Friday 30 November 2012

MY LOST CHILDHOOD, EMBROOK, HILCOT, PEWSEY, WILTSHIRE




A lot of emotional things have happened this week. It all started with a bird flying through my Atelier window in Paris and another window smashing in Los Angeles, it was equally weird.
THERE USED TO BE HERBACEOUS BORDERS, The Garden was designed in parts by Vernon Russell Smith
DERELICT EMBROOK HOUSE
I was filming the last few scenes of my film. I was trying to put it off, I knew it would be painful.  I am brave but a few things in my life I find difficult.  My grandparents had owned a wonderful thatched house in a village called Hilcot, in Wiltshire. I grew up there playing in the garden. Snooping through the attics. Laughing, learning and sitting with my favourite people in the world, my Grandparents, Sidney and Beryl Gilliat. He was as the regular readers will know, a film director, writer and producer. My Grandmother Beryl, known as Squirrel, was an incredible pianist. Chopin, Mendelson  and Rachmaninoff were heard through the house.  She practised every morning, beautifully. Her red, "Persian Melon" fingers could be heard on the piano. My Grandfather disappeared all the time, hiding in his study, or the garden. I would sit on his knee and he would make me read passages from Shakespeare.  I would then lay the table for lunch, help prepare vegetables and pour them a whisky.  We always had Sunday lunch together. Squirrel was an incredible good.  Delicious smells oozed from the kitchen. I then washed up.

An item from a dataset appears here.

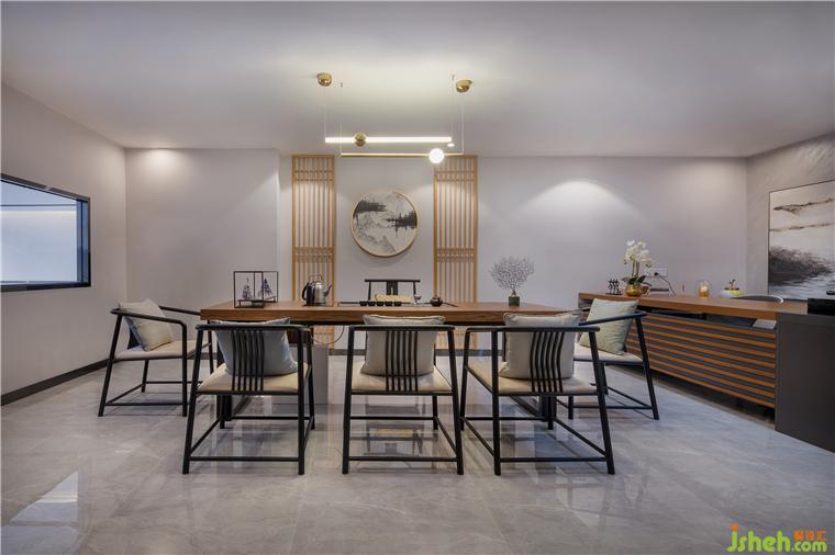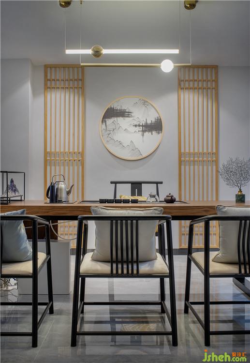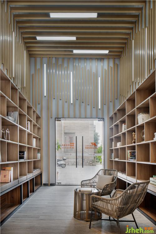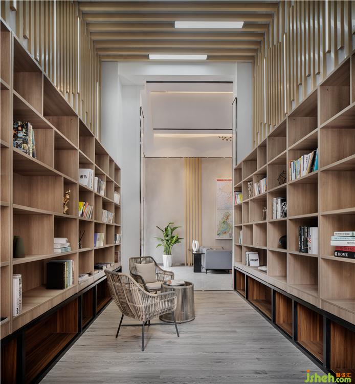 書吧區(qū)域設(shè)計(jì)師希望在此營造“私享書房”的自在、愜意氛圍。讓客人暫時(shí)卸下生活的疲憊,探尋生活與事業(yè)的新靈感。木色與莫蘭迪灰色系墻面形成整體色調(diào)呈現(xiàn),原木條、皮革、金屬材質(zhì)共同運(yùn)用為空間自然原始的氛圍營造貢獻(xiàn),增加空間趣味性同時(shí),也增加了訪客停步率,成為一種具有功能性的藝術(shù)裝飾。在日光或燈光的映照下,室內(nèi)大小空間有了表情,明與暗的層次、虛與實(shí)的對比、形與影的競走,豐富著空間的意境氛圍。

I knew it was over, my grandmother died in the 1981, and my grandfather in 1994. My mother, their daughter took over Embrook and much to my horror, the house was quickly destroyed.  She and my brother, pulled out flower beds, hedges, covered a swimming pool, ruined the vegetable garden, broke anything they could. Whilst this was happening, I used to suffer in silence. I like to build things, create things, make things pretty, the other side of the family like to cover everything with baby poo.
So it was with great sadness that I went Wiltshire yesterday.  I knew it would be tough. I dreaded it.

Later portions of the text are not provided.